4) Medicare, Medicaid, and VA should stop paying for 'extreme' meds. Drugs like Erbitux (14k/mo) and Avastin (21k/mo) are of marginal benefit. It may sound cruel but giving someone a few more months shouldn't be a function of government. There's a clear public health benefit to giving everybody the flu vaccine but you can't make that argument for many biologics. Industry will either dramatically lower prices and/or stop making biologics. But since most biologics aren't all that impressive . . . the only pain will be felt in Genentech's and BMS/ImClone's bottomlines.

Well... that divides the rich from the poor and a day or a month is a lifetime to some... I think it might be handled better in a pool of Orphan drugs that are handled in some reasonable fashion but I tend to agree the Government (the people) don't need to pay for a small amount of added life span but the users are also some of them there people too... I've to think on that one a bit more.. And I edit: The really exotic and usually unproven drugs that you indicate really don't do much as far as I can tell.. least ways what I've heard in Congressional hearings is that tests are falsified or even the patient was cured or helped by another means and the 'wonder' drug had little efficacy in the event..

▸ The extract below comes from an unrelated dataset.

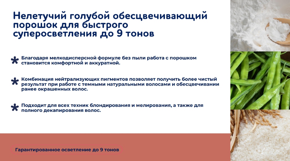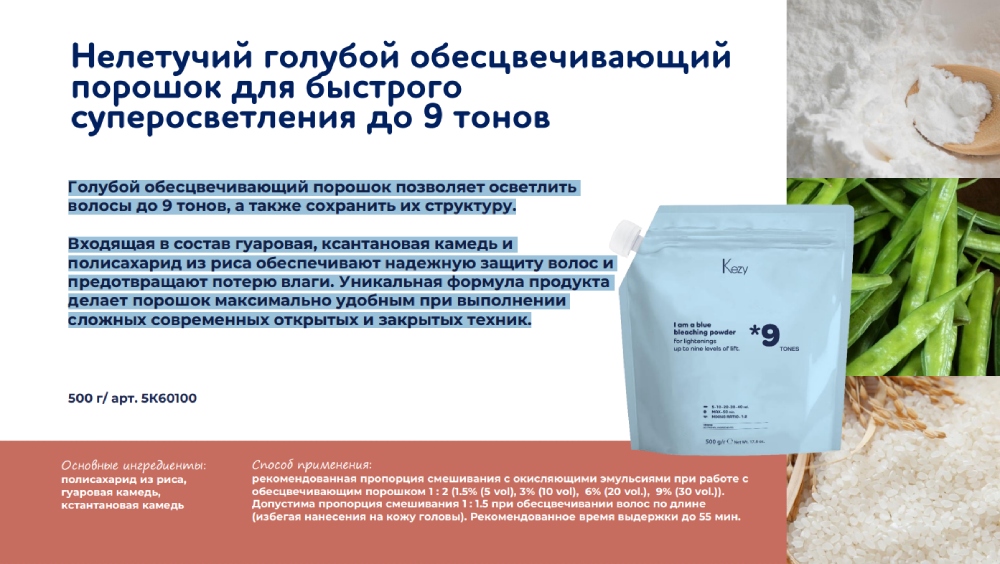 Голубой обесцвечивающий порошок позволяет осветлить волосы до 9 тонов, а также сохранить их структуру. Входящая в состав гуаровая, ксантановая камедь и полисахарид из риса обеспечивают надежную защиту волос и предотвращают потерю влаги. Уникальная формула продукта делает порошок максимально удобным при выполнении сложных современных открытых и закрытых техник.
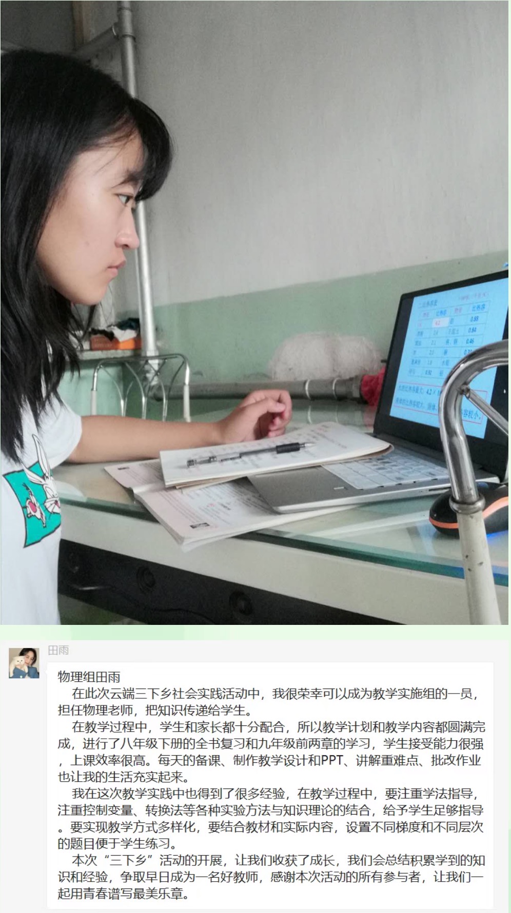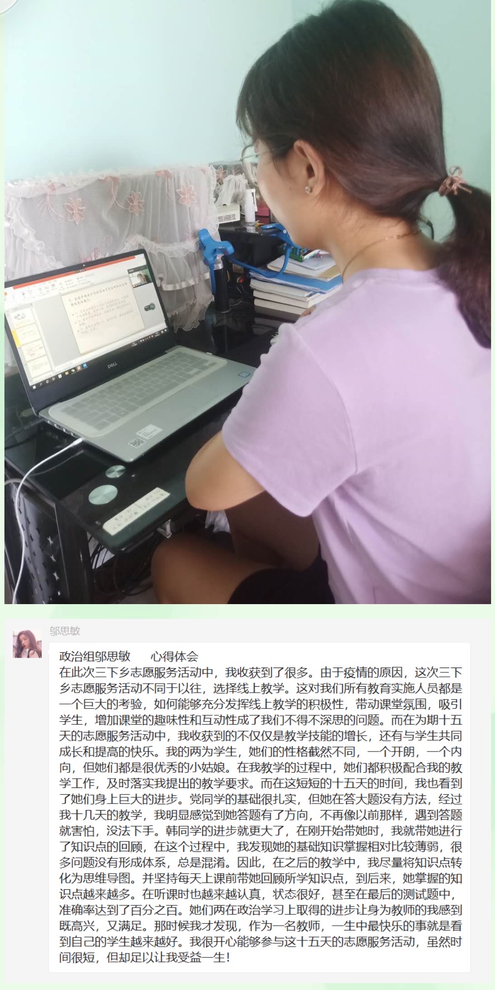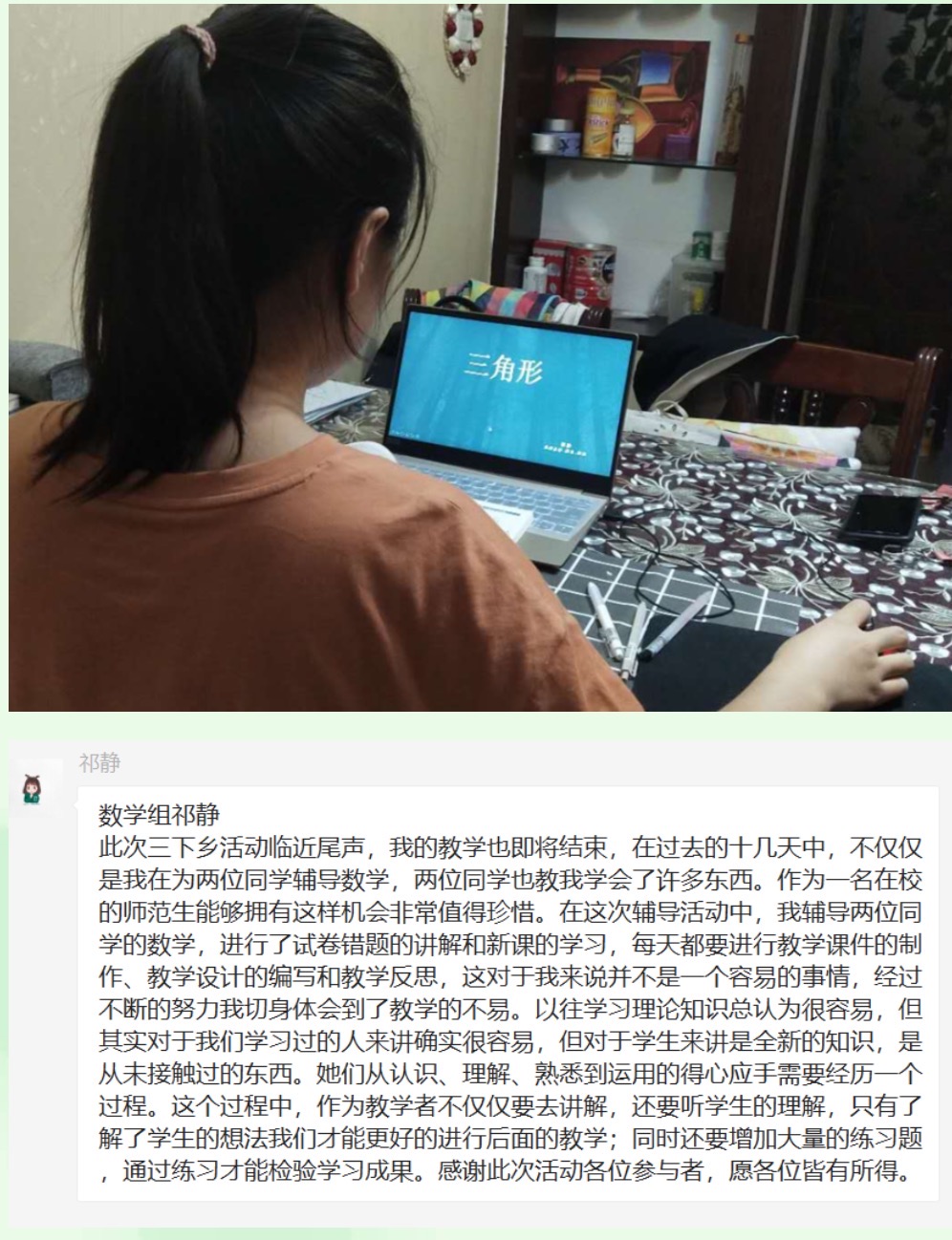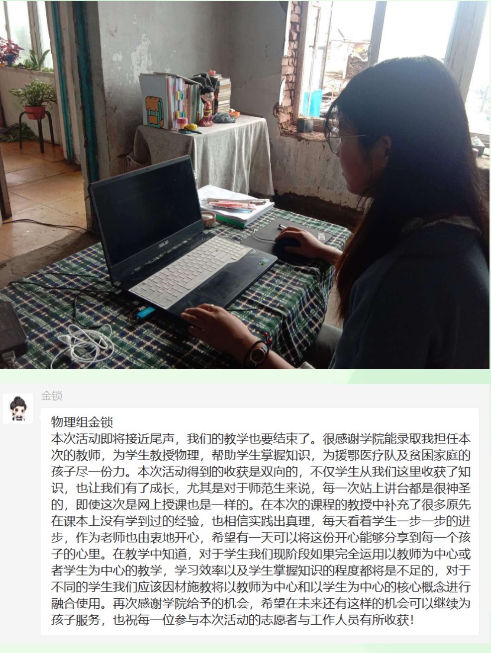 岁月不居,时光如流。为期十五天的暑期云端“三下乡”教学工作即将结束。在这短暂而充实的十五天中,教学实施组的志愿者们发挥专业特长,秉承志愿精神,认真负责地完成教学工作,付出很多心血和努力的同时也得到了锻炼和成长。志愿者们在志愿活动中积极交流经验,分享教学成果,共享心得体会,形成了良好的学习和志愿服务氛围,为志愿者们本次的教学活动画上了圆满的句号。

5) If #3 isn't an option, then after a drug goes off patent then government programs and private insurers should be allowed to cap medication cost at no more than 150% of the cost in any other OECD country. Technically that's price control but drug companies will benefit b/c they can stop bothering with the billions they are spending each year trying to figure out how to wring more cash out of off patent meds. They can spend that money on shareholders, R&D, or even . . . dare I say it . . . lower the cost of their drugs so people buy them anyways.

I think #3 is an option and #5 as well and both are not necessarily in conflict or agreement with each other all the time. But to lower the cost would be unique for the Drug Makers unless it increased volume versus the other options for similar treatment. I think using #3 is as much price control as anything. If there is a generic, that is.. and if not then it is (IMO) too new to use on humans..hehehhehehe... but I'll defer to your wisdom on that ... you and the (your) newly created division of the NIH.